第434章 官商勾结
苏信转身回到办公室,他脑海里满是陈秀英的脸,这是朴实本分的农村妇女,她没有多少文化,却有著不屈不挠追求正义的心。
她可能这辈子都没有跟丈夫说过一句我爱你,但她在丈夫死后,不仅拉扯著孩子。还毅然决然的走向为丈夫伸冤的道路。
她这一路上受过多少委屈多少詰难甚至是多少殴打,苏信能够清楚的感受到。
光是她递交上来的陈情信,每一个字都是血和泪。
每一句话,每讲的一件事,都是心酸与绝望匯聚的最后一丝勇气。
苏信很清楚,如果自己不帮她。
她未来的人生將是一片灰暗。
她將永远活在那一声爆炸声中。
甚至,很有可能她会在绝望之后麻木,在將孩子拉扯长大后,走上另外一条绝路。
无论怎么样,这都是悲剧。
苏信咬了咬牙,这个案子,他必须接。
必须管到底!
苏信拿起康盛矿业的工商登记资料翻了一遍,法人代表詹海丰,董事长詹海丰。
苏信嘴角冷笑。
不用说,这又是一个一人得道鸡犬升天的故事。
一个省长的亲戚就能在云仓这种地方支起这么大一个摊子。採矿权、安评、环评、监管,哪一个环节不是被权力碾成了纸糊的柵栏?
詹海丰是推到台前的提线木偶,詹海阳才是幕后端著算盘的人。
至於詹云鹏,那个远在省城的大人物,他只需要一个眼神、一句招呼,整个云仓的天就得为他詹家的矿洞让路。
一人得道,鸡犬升天。升的天上,踩的是別人的人命。
苏信拿出笔在本子上写写画画。
他在写人物关係。
儘可能將可能存在的权贵串联起来。
不多时,江峰推门进来。
“猫哥你喊我?”
“看看。”苏信將桌上的资料递给江峰,语气慎重道:“这个案子由你来主抓,是你上任的第一份考卷。不要张扬,但是要威风。”
他拿出写了地址的纸放在桌上。
“先把这个张福生带回来。不要耽搁,直接带回来。今天陈秀英来了警察局,康盛矿业肯定有人在关注这件事。”
“你要快。”
他接过地址看了一眼,“五十多公里,现在出发,今晚就能回来。”
江峰点头,转身走了几步又回过头:“如果张福生不愿意回来怎么办?”
“告诉他陈秀英在等一个真相。告诉他云仓县已经不是三年前的云仓县了。如果不想一辈子东躲西藏,良心不安,这是最好的机会。”
“明白。”
“另外找刘一鸣,更多细节他比我清楚些。”
“好,保证完成任务。”
江峰雷厉风行。
苏信站在窗前,看著江峰的车驶出公安局大院。
他收回目光,拿起电话拨了刘一鸣的號码。
“现在你去趟安口镇,大张旗鼓的调查康盛矿业德事情。”
“是!”刘一鸣应了一声,隨即又担忧的问道:“苏局,我们这么大张旗鼓的去查案子,会不会惊动了他们。”
苏信淡淡说道:“这些人在云仓横著走了这么多年,早就忘了什么叫怕。他们习惯了用钱开路、用权压人,以为这天底下就没有他们摆不平的事。”

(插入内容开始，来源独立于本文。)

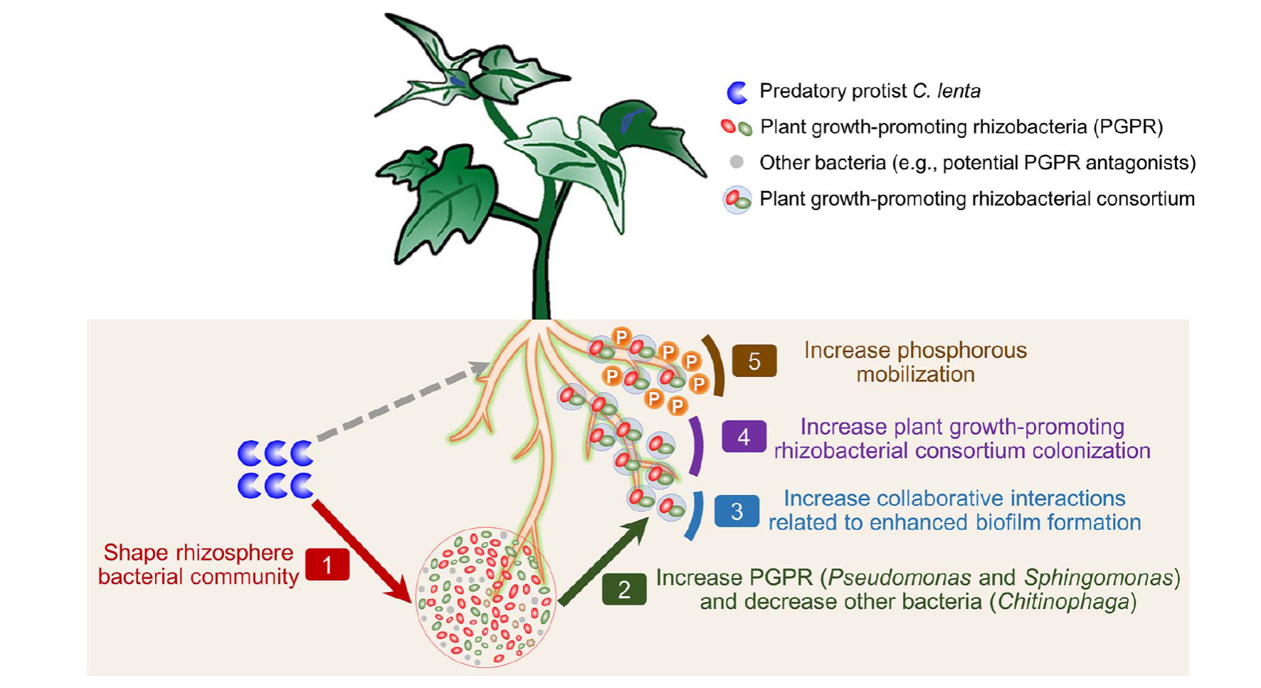 根际细菌影响植物生长。这些细菌既受到根分泌物自下而上的控制,也受到捕食者自上而下的控制,尤其是原生生物。然而,原生生物-细菌-植物三角关系中相互联系的背后机制仍不清楚。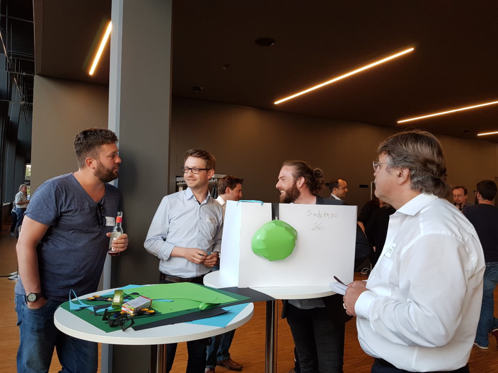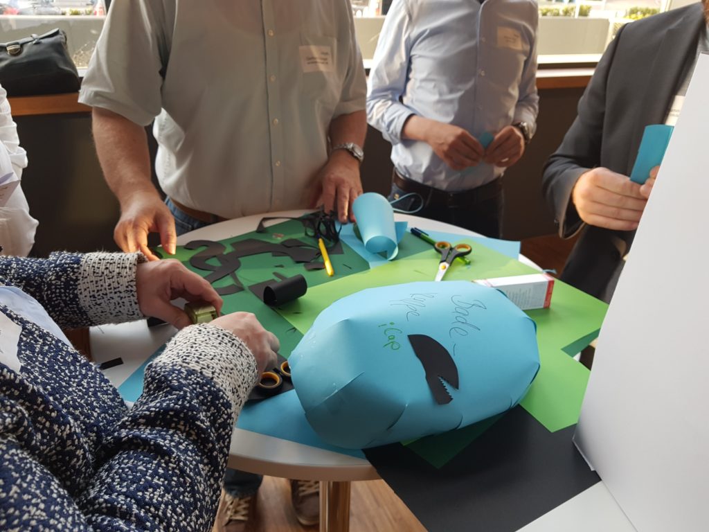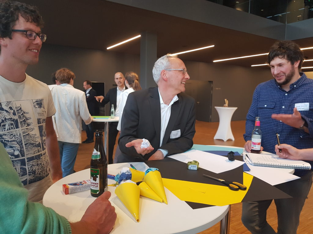 Das sogenannte Prototyping mit Rollenspiel ist eine Methode des Design Thinking. Anschauungsmaterial und Kulissen wurden mit Karton und Papier gebastelt, Abläufe optisch durch Grafiken und Schaubilder dargestellt. Referent Mike Battistella erklärt die Vorteile des Vorgehens: „Rollenspiele fördern das Verständnis, da man selbst etwas macht, anstatt nur zuzuhören. Dadurch bleibt das Erarbeitete präsenter.“ Dabei ist es wichtig, alle Beteiligten eines Teams in den Prozess miteinzubeziehen. Wenn der Chef zum nächsten Team-Meeting also Schere und Papier mitbringt, dann ist wohl Design Thinking angesagt.

“更何况,走得了和尚,走不了庙。你这次去的目的就是打草惊蛇。蛇不动,你怎么知道它七寸在哪儿?”
“是!”
苏信放下电话,继续在本子上写下一个接一个苏江市的大人物。
官场也好,商场也罢。
所有的这些人,背后都指向同一个名字。
詹云鹏。
……
晚上八点,江峰的车驶入了宝山地界。
这是个典型的矿区小镇,街道两旁全是石材加工厂的招牌。
他开车到一家叫“顺发石材”的小厂外,把车停下。
厂区不大,后面是一排工棚。江峰刚走到工棚门口,就看见一个中年男人蹲在门槛上抽菸。
他头髮乱蓬蓬的,穿著一件洗得发白的工装,袖子磨破了边。
“张福生?”江峰试探著叫了一声。
那人手里的牙刷停在半空,嘴里的泡沫顺著下巴往下淌。
他慢慢地直起腰,目光落在江峰三人的警服上。
他的身体情不自禁的发抖。
他的眼神很复杂,不是恐惧,不是抗拒,而是一种在暗无天日的地洞里蹲了太久、突然被一束强光灼伤时才会有的仓促和慌张。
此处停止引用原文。